Vai ver seu coração já não consegue mais administrar os 10 dias de festejos que rendem homenagens a São Sebastião, nas comemorações que se repetem a cada mês de janeiro, no pequeno município de Japi, no Rio Grande do Norte. Da mesma forma, seu coração já não deve mais tolerar tanto barulho de fogos de artifício – que ele insiste em soltar nessas ocasiões festivas.
Talvez, ainda, seu coração não seja tão corajoso quanto seu proprietário, que prossegue guiando sua moto a despeito do trânsito cada vez mais maluco daquela pequena cidade do sertão. Um município onde há centenas de motociclistas, muitos deles com 14, 13, 12 anos… Todos disputando espaço pelas mesmas ruas desprovidas de regras de tráfego.
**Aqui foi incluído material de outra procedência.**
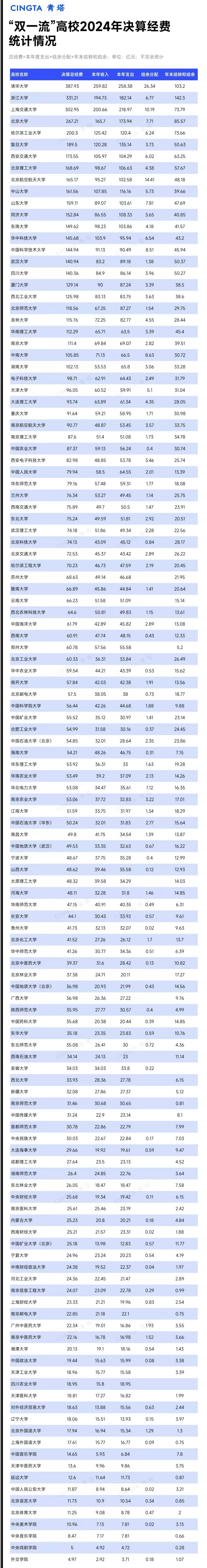 从2024经费决算来看,有3所高校超300亿元!有2所高校在200亿-300亿之间!共计有25所高校,2024决算经费超100亿。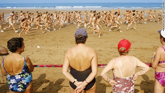 There’s a strict dress code for this race — a cap or hat, sunglasses, socks, footwear and nothing else.Formally called Patxi Ros Trophy, the race was initiated by Patxi Ros, sports and naturism lover, in 1999.In 2003 it was taken over by the Basque Country Naturist Club, which uses it to promote the naturalist way of life.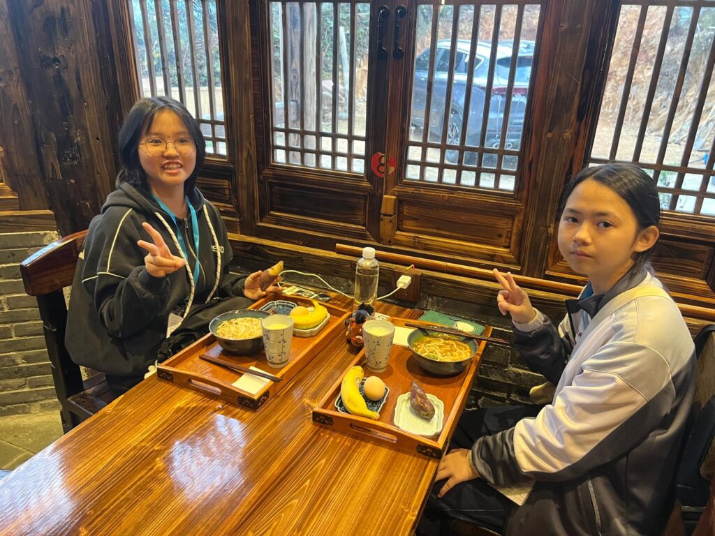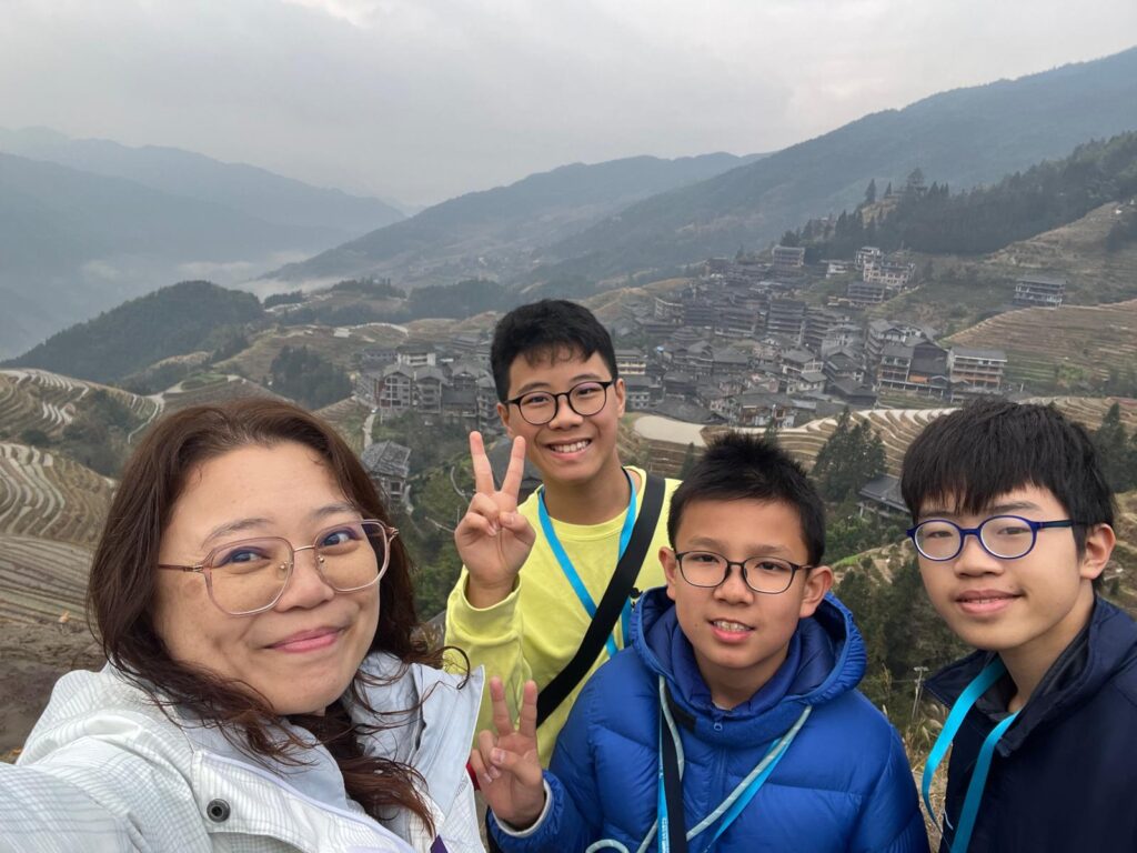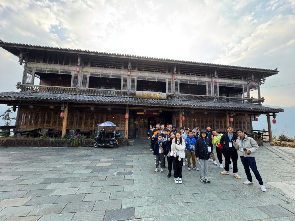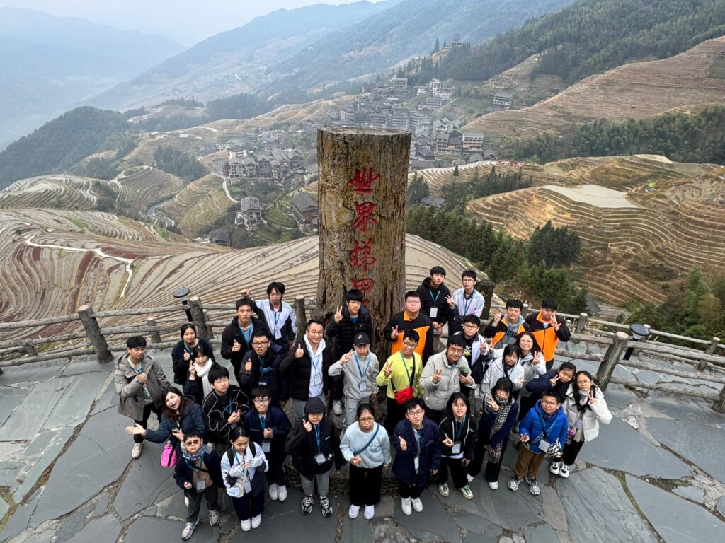 第二天:師生一同登上位於桂林市龍勝縣龍脊鎮的梯田。當地梯田歷史已有650多年,海拔最高達1100米,坡度最大可達50度。由於山脈形似龍的脊梁,因此得名「龍脊」;當地亦有俗話:「山是龍的脊,田是雲中梯」。

Tio Arnaldo simplesmente ignora esses problemas e segue altivo, conduzindo sua moto devagar, como se perseguisse um vento que nunca vem…
É provável que esse mesmo coração esteja solicitando a Tio Arnaldo um tiquinho mais de descanso nos dias de Carnaval, quando seu portador, seguindo a tradição familiar, se veste de Papa-Angu – personagem folclórico do sertão – para fazer a alegria da molecada da praça central. Não poderia ser diferente uma vez que tio Arnaldo é herdeiro genuíno do meu velho avô Pedro Horácio. Padeiro, eletricista e faz-tudo que, nas horas vagas, também se dedicava a forrós, motos, caçadas, festas e carnavais.
Após a chegada de meu avô ao céu, coube a tio Arnaldo assumir, amorosamente, os cuidados com vó Maria. E todos os dias, pouco depois das cinco da manhã, logo aos primeiros raios de sol, ele entra pela sala estendo a mão e dizendo “- A bênção, mamãe!”, sempre com aquela voz calorosa e inconfundível. Apesar de detestar acordar cedo, juro que nunca me importei de despertar com a voz dele quando me hospedo em minha avó. Ao contrário: acordo feliz porque sei que ele está por perto. E a paz dessa revelação é suficiente para me fazer dormir de novo até 8h, quando ele chega para a segunda visita do dia, normalmente trazendo alguma encomenda solicitada por vovó. À tarde e à noite, ele volta novamente só pra conferir se está tudo em ordem.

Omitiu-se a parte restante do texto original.